Try Deramores and Black Sheep,they both carry luxury yarns and have fantastic service.Lindseymary


----------



## marg 123 (Oct 17, 2012)

Undy Yarn Crafts in Magor.


----------



## Catlady45 (Sep 6, 2014)

Hi, thanks to all for suggestions. I have looked on Deramores and Loveknitting sites but not Black Sheep, will do that next. I have been to the Undy store which was very good, they have wool and spares for knitting machines, useful as I have borrowed my mums to try, but they did not have what I want, mind you I am not sure what I want! I really want to feel the wool / yarn.


----------



## heatherb (Apr 14, 2013)

Black sheep has a huge selection and I have seen them at the shows with the products x if you check the web site and have any queries you can contact them direct x
My brother lives in Cardiff nut his wife does not knit so no help with suggestions from them I'm afraid xx


----------



## knitwitgalaxy (Jul 27, 2012)

How about Collinette yarns - I just know they are in Wales not sure where. Sasha Kagan is in Powys think she does her own yarns. I have used both of these bought at knit & stitch shows & the Collinette I have bought at shows and on line.


----------



## Catlady45 (Sep 6, 2014)

Thanks you, I have not here'd of either of those. Will look them up.


----------



## Catlady45 (Sep 6, 2014)

Oh my goodness, Colinette Yarns are beautiful. Too much choice, I may have to raid the piggy bank!

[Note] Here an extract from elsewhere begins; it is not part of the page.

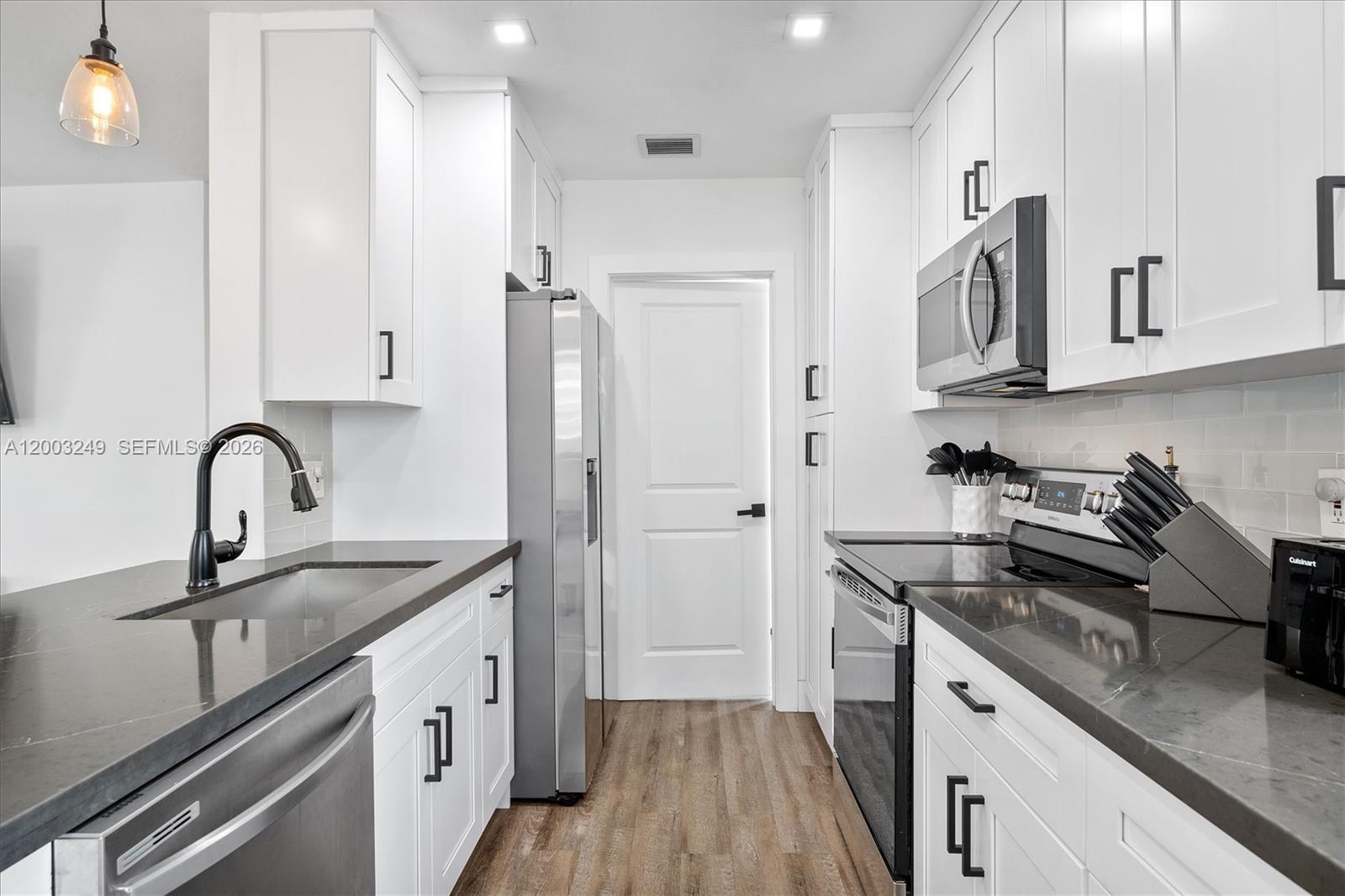 This single-family home blends modern efficiency and inviting charm, offering a turnkey experience with thoughtful updates throughout. Curb appeal stands out with a freshly painted exterior, a vibrant front door, and a new 2021 driveway and back slab. Inside, durable vinyl flooring flows through a comfortable layout, and the updated kitchen and bathroom reflect contemporary tastes. Major improvements include full PVC plumbing (no cast iron), a 2020 HVAC system, a 2020 tankless water heater, impact-rated windows and doors, a 2021 fence, refreshed porches, and a new backyard canopy for shaded outdoor living. Set on a quiet lot while still connected to local conveniences, this home delivers long-term comfort and peace of mind. Mortgage savings may be available for buyers.

Thank you so much for replying to my post. :-D


----------



## knitwitgalaxy (Jul 27, 2012)

Catlady45 said:


> Oh my goodness, Colinette Yarns are beautiful. Too much choice, I may have to raid the piggy bank! Thank you so much for replying to my post. :-D


You're welcome, when you have visited them you can tell me where they are. My sis in law lives near Windsor so we go over by ferry to visit her & I might be able to persuede DH to divert!!!!!


----------



## Catlady45 (Sep 6, 2014)

Just received my parcel from Colinette yarns. They do "Creative Packs" that have a selection of they're different yarns in a choce of colour themes. Also a Silk yarn version. I ordered 1 of each. I am thrilled with them and can't wait to try them out. In the silk pack there were 3 skeins of different colour yarn, I have never used a silk yarn before and it feels lovely. I chose pale colours for the other pack and can't believe the variety of yarns. I will try post a photo tomorrow. Thank you Knitwitgalaxy for the recommendation. 
Happy, happy me. :-D


----------



## Mirror (Jun 23, 2014)

There is very goodshop in cwmavon


----------